Eventually, a clear division is made between Jerry's delusion and the objective reality surrounding him. Jerry's apartment is always clean, organized and well lit when we're confined to his perspective; despite our knowledge that he has a decapitated head in the fridge and Tupperware containers full of body parts, this is still the reality we're presented with. When Jerry eventually takes his medication, this aesthetic changes completely, and Jerry's apartment becomes a dim, seedy, mouldy pit covered in animal shit, blood stains and littered with old pizza boxes stacked to the ceiling. Though the glib simplification of a schizophrenic worldview is a tad patronizing, it does work within the confines of this story, considering that dark comedy tends to supersede the occasional dalliance with depressing drama and exaggerate the grisly horror.
What's problematic about The Voices is how it treats its female victims. Though Fiona is a superficial flake, Satrapi's decision to inject comedy into her graphic death and eventual dismemberment has an abject, distancing effect. Even worse is the implication that Lisa (Anna Kendrick), Fiona's much friendlier, likable colleague will eventually suffer the same fate. Oddly, both women are given only the most basic of characterizations; there's never any real understanding as to why Lisa would find someone as peculiar as Jerry attractive, nor is there any real sense of who Fiona is beyond her rather archetypal presentation as a flawed object of desire (an archetype Arterton has played before in Tamara Drewe, Gemma Bovery and The Disappearance of Alice Creed).

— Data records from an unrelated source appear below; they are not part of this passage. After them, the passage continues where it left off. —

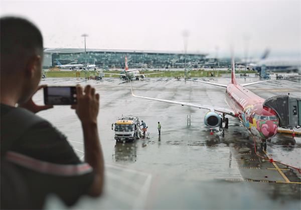 每当飞机执行航班计划前往各地,均吸引“飞友”(飞行爱好者)前往拍摄它的起降;每当飞机停靠在停机坪上,成为旅客纷纷拍照的主角。当旅客走进客舱内,行李架、小桌板上均印有连云港著名的景点和孙悟空形象图案,让西游记元素从飞机外延续到飞机内。
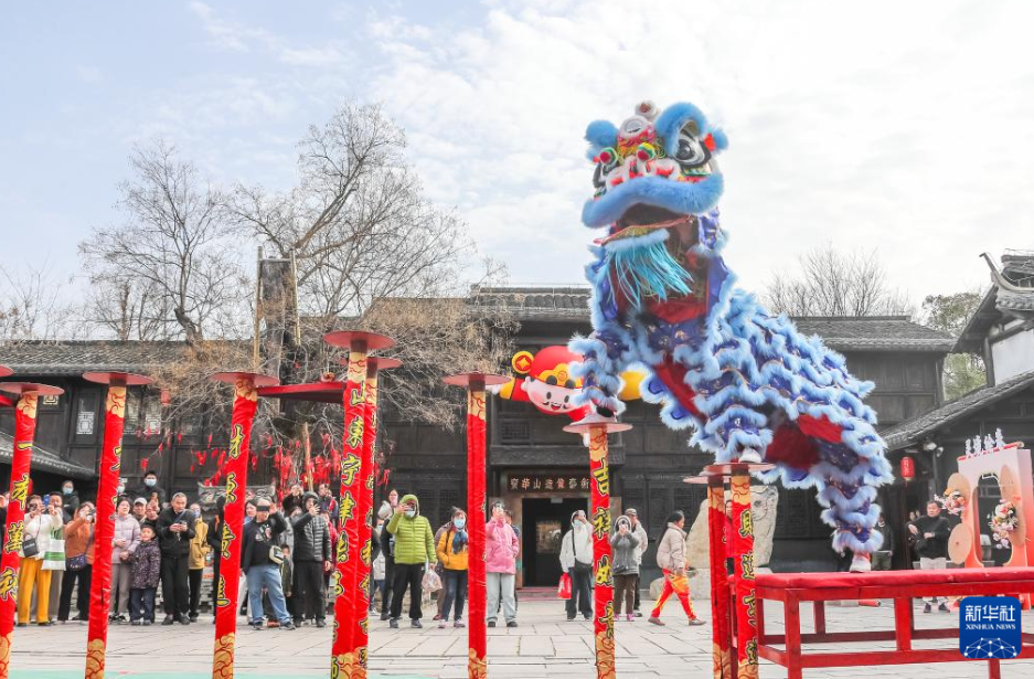 วันที่ 23 กุมภาพันธ์ นักท่องเที่ยวชมการแสดเชิดสิงโตที่อุทยานแห่งชาติป่าเป่าฮวาซาน เมืองจวี้หรง มณฑลเจียงซู
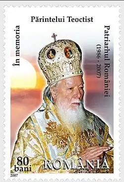 Teoctist (Romanian pronunciation: [te.okˈtist], born Toader Arăpașu, 7 February 1915 – 30 July 2007) was the Patriarch of the Romanian Orthodox Church from 1986 to 2007.

It's tough to say if Satrapi is doing this deliberately to criticize the comic template of male serial killer perspective (and Perry's script) or if she's genuinely criticizing the sort of women that would make themselves prone to a man that clearly has something wrong with him. After all, both women are ultimately put at risk when they put themselves in a position of sexual availability.
Considering how secondary female characters in western culture are portrayed in Satrapi's other films — they're shrill, vapid idiots — it seems likely that the latter critique was intended, which makes the rather morbid manner in which they meet their end — think The Killer Inside Me— is as upsetting as it is, despite being presented as merely an incidental, dark comedy aspect of the film. We're constantly forced back into the perspective of Jerry, and are eventually told to feel empathy for his inner turmoil, which, considering how the final act unfolds, is played straight.
It's unclear of Satrapi is criticizing a culture that ultimately allows someone like this to function independently or if she's trying to understand what it must be like for someone suffering from such extreme mental illness, but regardless, the balance between victim and perpetrator is a tad problematic and ultimately undoes all of the risky, fun and highly compelling aspects of The Voices. Despite struggling to find an emotional centre to the story, the heightened stylization and sharp disconnect between subjective and objective realities — mixed with the genuinely funny interplay between Jerry and his pets — does make this weird little film rather immersive. It's just a shame it never quite comes together and has such a low opinion of women, even if that opinion was intended to be sarcastic. Unfortunately, no supplements were included with the DVD to clarify this confusion.